◆ ASSIGNMENT
An exact transcription of the entries is required, with none of the pictures carried over.

◆ SUPPLIED DATA
● ● ● ● ●

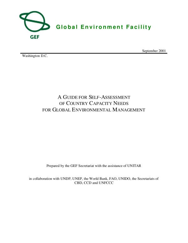 GEF support for the preparation of National Capacity Self-Assessments (NCSA) is pursuant to the GEF Council Decision which "requests the GEF Secretariat, in collaboration with the Implementing Agencies and Executing Agencies, to initiate processes so that the self-assessment of capacity building needs can begin immediately in countries that request such assistance". The overall aim of GEF support for the NCSA is to provide countries with the opportunity to take the lead in articulating their own capacity needs and priorities with respect to the global environment taking into account the three global conventions 011 biodiversity, climate change and desertification/land degradation"
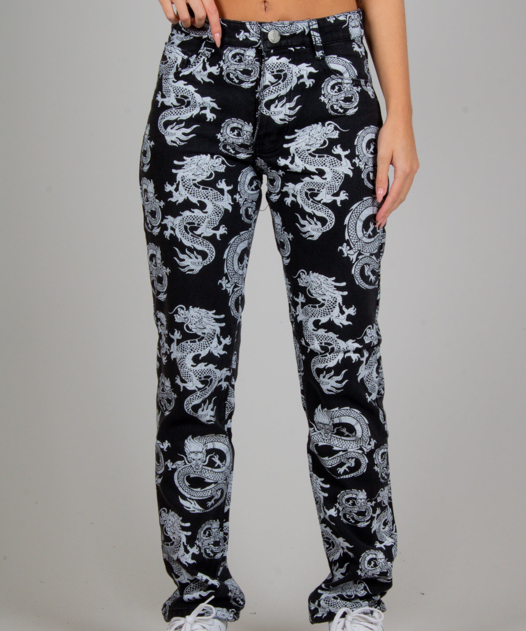 All-Over Dragon Print Straight Leg Jean
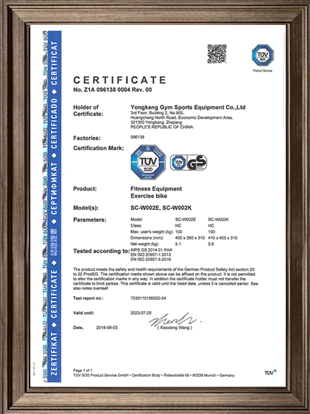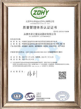 公司遵循GB/T 19001-2016/ISO 9001:2015《质量管理体系 要求》,特别设立产品测试中心,成品质量严格把关,实现标准化品质管理。产品相继获得GS认证、ROHS认证及通过EN957测试。
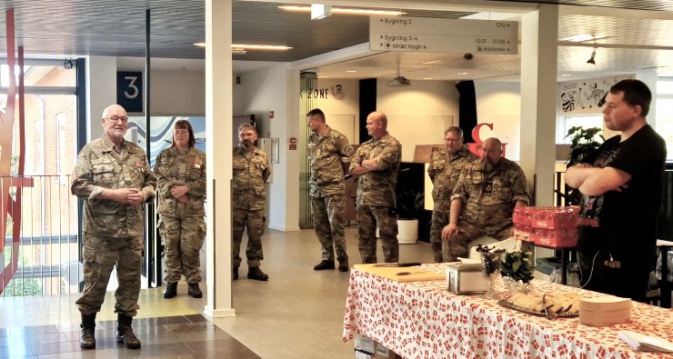 Musikkorpsets chef kaptajn, Carina B. Engan, hilste alle velkommen og ønskede tillykke og bød på kransekage inden koncerten.
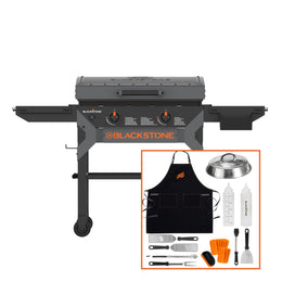 The griddle includes Omnivore Griddle Plate, Rear Grease Management, protective hood, side shelf hooks, BAR System, and accessory bin.

● ● ● ● ●

◆ SOLUTION FOR THIS EXERCISE
 GEF support for the preparation of National Capacity Self-Assessments (NCSA) is pursuant to the GEF Council Decision which "requests the GEF Secretariat, in collaboration with the Implementing Agencies and Executing Agencies, to initiate processes so that the self-assessment of capacity building needs can begin immediately in countries that request such assistance". The overall aim of GEF support for the NCSA is to provide countries with the opportunity to take the lead in articulating their own capacity needs and priorities with respect to the global environment taking into account the three global conventions 011 biodiversity, climate change and desertification/land degradation"
 All-Over Dragon Print Straight Leg Jean
 公司遵循GB/T 19001-2016/ISO 9001:2015《质量管理体系 要求》,特别设立产品测试中心,成品质量严格把关,实现标准化品质管理。产品相继获得GS认证、ROHS认证及通过EN957测试。
 Musikkorpsets chef kaptajn, Carina B. Engan, hilste alle velkommen og ønskede tillykke og bød på kransekage inden koncerten.
 The griddle includes Omnivore Griddle Plate, Rear Grease Management, protective hood, side shelf hooks, BAR System, and accessory bin.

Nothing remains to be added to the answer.